Hitler, Stalin and...bin Laden?

Keith Burgess-Jackson highlights this excerpt from Stephen Pinker's The Blank Slate : The Modern Denial of Human Nature (emphases are mine):

The ideological connection between Marxist socialism and National Socialism is not fanciful. Hitler read Marx carefully while living in Munich in 1913, and may have picked up from him a fateful postulate that the two ideologies would share. It is the belief that history is a preordained succession of conflicts between groups of people and that improvement in the human condition can come only from the victory of one group over the others. For the Nazis the groups were races; for the Marxists they were classes. [...] The ideologies, once implemented, led to atrocities in a few steps: struggle (often a euphemism for violence) is inevitable and beneficial; certain groups of people (the non-Aryan races or the bourgeoisie) are morally inferior; improvements in human welfare depend on their subjugation or elimination. Aside from supplying a direct justification for violent conflict, the ideology of intergroup struggle ignites a nasty feature of human social psychology: the tendency to divide people into in-groups and out-groups and to treat the out-groups as less than human. It doesn't matter whether the groups are thought to be defined by their biology or by their history. Psychologists have found that they can create instant intergroup hostility by sorting people on just about any pretext, including the flip of a coin.

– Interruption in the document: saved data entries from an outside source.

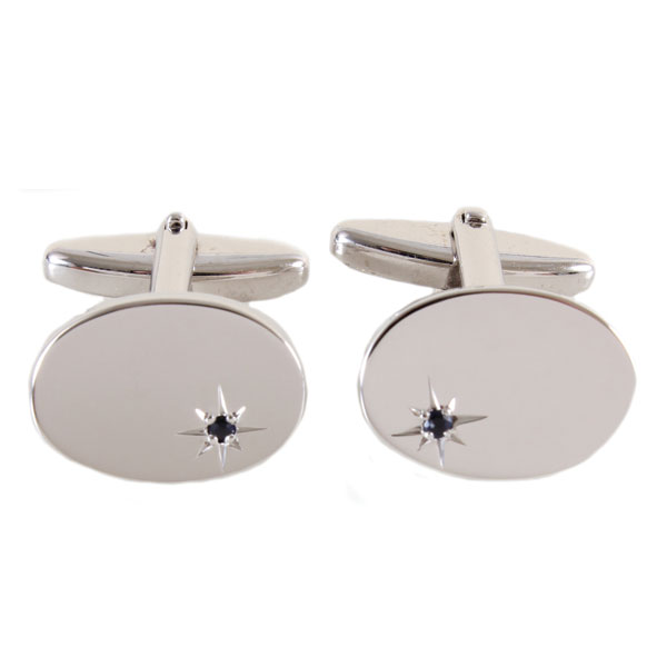 Oval Sapphire Star Set Silver plated Cufflinks 90-9031
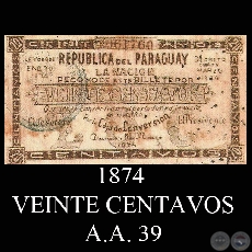 A.A. 39 - VEINTE CENTAVOS - FIRMAS: MANUEL SOLALINDE - OSCARIZ
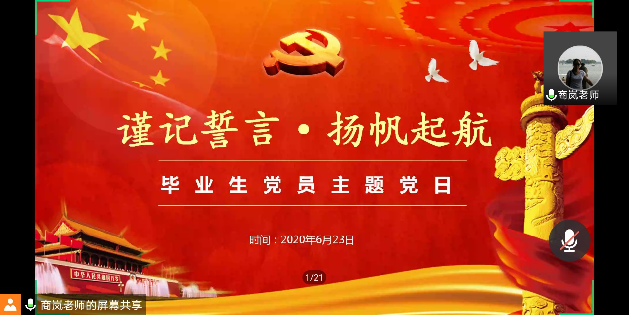 本网讯(通讯员 李美琪 陈冉)6月23日19:00,建筑工程学院在腾讯会议平台线上开展以“谨记誓言,扬帆起航”为主题的2020届毕业生党员党日活动。会议由组织员商岚主持,60名2020届毕业生党员共同参与。
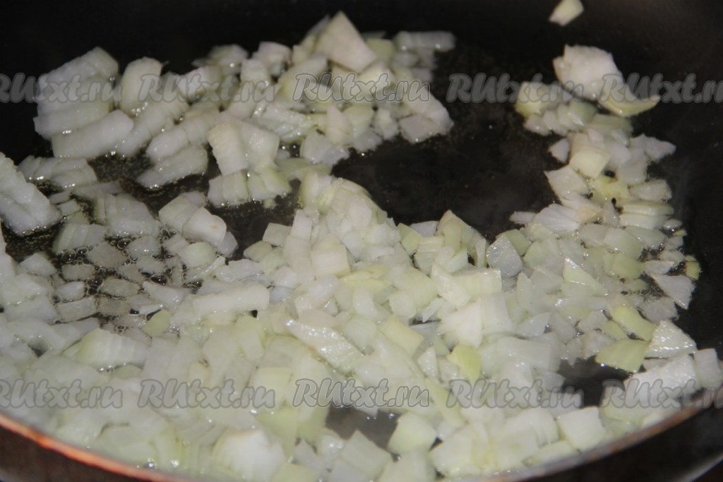 Лук очищаем, измельчаем и обжариваем на растительном масле на среднем огне, периодически помешивая.
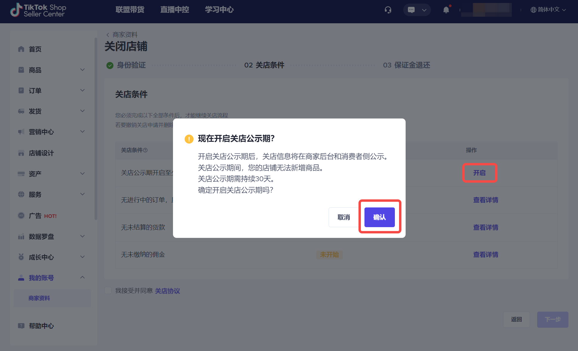 步骤三:完成关店条件。根据《TikTok Shop 跨境卖家店铺关闭政策》,您需要完成该规则中的所有关店条件,才能成功关店。 包括但不限于:
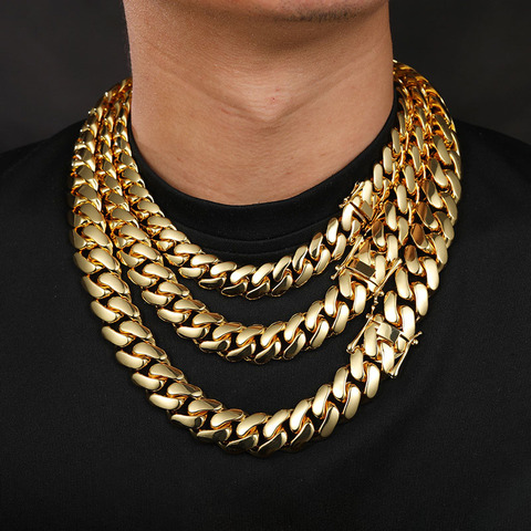 Ganku, venta al por mayor, conjunto de cadena cubana grande lisa, 10/12/14/16/18/20/22mm de ancho, cobre galvanizado, oro, mariposa, fiestas con botones
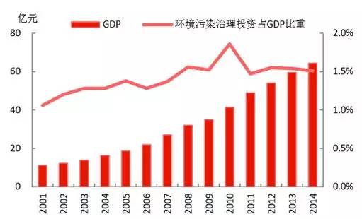 從國家統(tǒng)計局的數(shù)據(jù)可以看到,我國在環(huán)境污染治理方面的投資量,呈現(xiàn)上升趨勢,2014年達(dá)到9576億元;近年占GPD的比重維持在1.5%左右,較2001年提升約0.5個百分點(diǎn)。發(fā)改委、環(huán)保部印發(fā)《關(guān)于培育環(huán)境治理和生態(tài)保護(hù)市場主體的意見》,提出目標(biāo),“十三五”綠色環(huán)保產(chǎn)業(yè)產(chǎn)值年均增長15%以上,遠(yuǎn)高于CDP的增長目標(biāo),為經(jīng)濟(jì)增長注入動力。
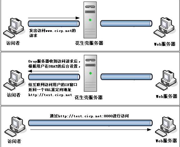 當(dāng)我們?yōu)橛蛎皐ww.cicp.net”設(shè)置了轉(zhuǎn)發(fā)的URL為 “http://test.cicp.net:8080”后,互聯(lián)網(wǎng)用戶訪問www.cicp.net域名的時(shí)候,Oray服務(wù)器會(huì)自動(dòng)檢測(cè)該域名是否設(shè)置了URL轉(zhuǎn)發(fā)。如果是,則告訴該域名真正的地址給訪問者。最后,訪問者直接通過真正的地址http://test.oray.net:8080來訪問Web服務(wù)器。整個(gè)過程如下面的示意圖所示。
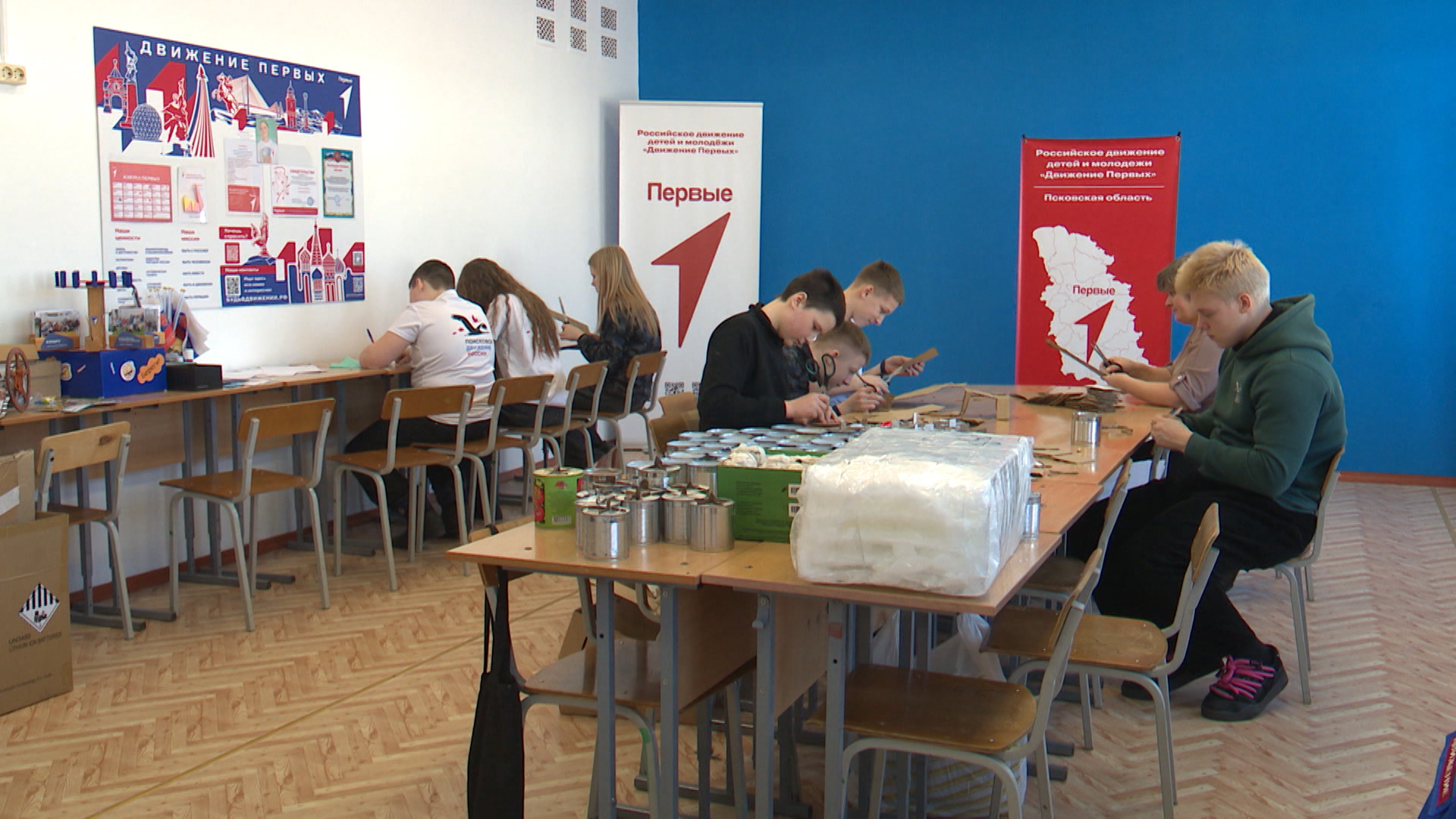 "Буквально несколько минут назад у ребят завершились уроки. И вместо того, чтобы пойти домой или, к примеру, отправиться гулять, они спешат сюда, в муниципальный центр Движения Первых, чтобы помочь бойцам, которые сейчас находятся в зоне проведения СВО", - Мария Саханенок, корреспондент.
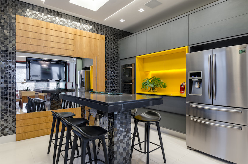 装飾タイル「Cosmos Gold」カウンター腰装飾施工例
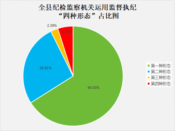 全县纪检监察机关精准运用监督执纪“四种形态”处理1257人次,其中运用第一种形态处理830人次,占比66.03%;第二种形态处理335人次,占比26.65%;第三种形态处理30人次,占比2.39%;第四种形态处理62人次,占比4.93%。
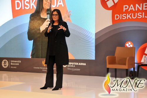 On je podsjetio i na dosadašnju konekciju koja postoji između Hipotekarne banke i Univerziteta Bokoni i najavio  Dolly Predović, počasnu konzulku Crne Gore u Milanu, nekadašnju profesoricu Korporativnih finansija na Bokoni Univerzitetu i suorganizatorku panela.
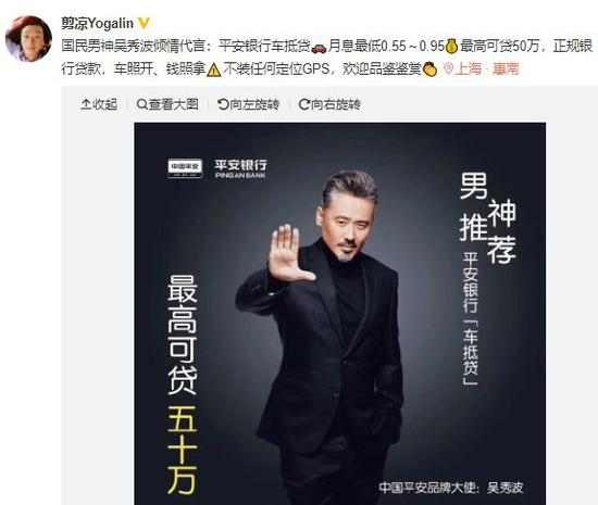 在互联网金融的大潮下,吴秀波也代言了金融产品。2017年,吴秀波不仅成了51信用卡的首席产品体验官,还是中国平安银行的品牌大使。
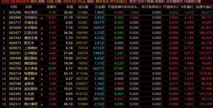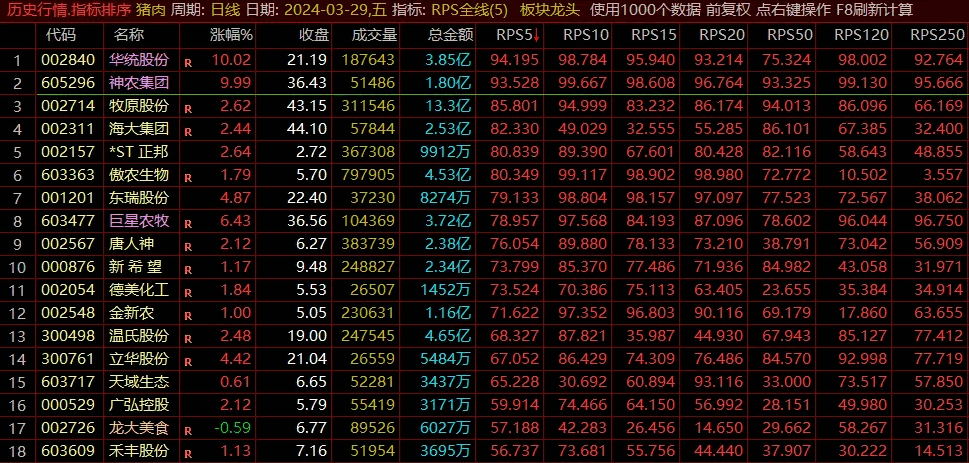 上图为本周五猪肉板块的情况,猪肉板块近期走势较强,收盘后的指标排序情况,大体而言,如果想参与,主要从排名前10里寻找龙头。
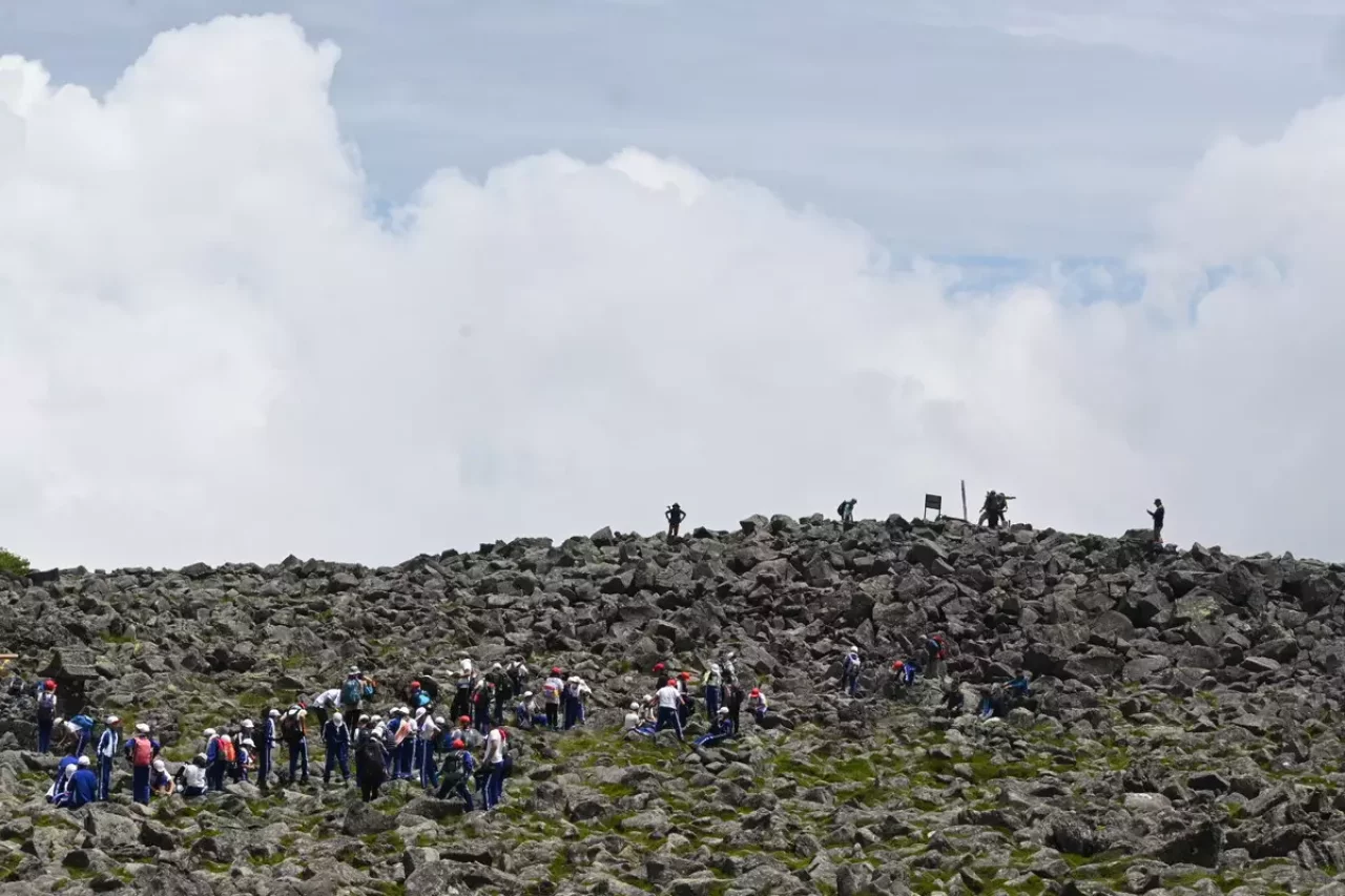 山頂ヒュッテ前でシャツを一枚脱ぎ、いよいよ本格的な下りに差し掛かると、やはり小学生の列ができている。

And both National Socialism and Marxist socialism were united in holding a virulent enmity towards liberal democracy. Of course, the term "Nazi" is a favorite of the liberal arts academy--it's liable to be applied to anyone to the right of Noam Chomsky.

After reading this it occurs to me that there's a third, more contemporary group to add to PInker's unholy dyad: the term Islamofascism is pretty spot on. The struggle of one group over another, the moral inferiority of certain groups, the glorification of violence--all are characteristic teachings of the jihadists.

I'm just starting Mary Habeck's Knowing the Enemy and it promises to fill in some big gaps in my knowledge of the jihadists' motivation. I'll let you know if my assumptions hold up.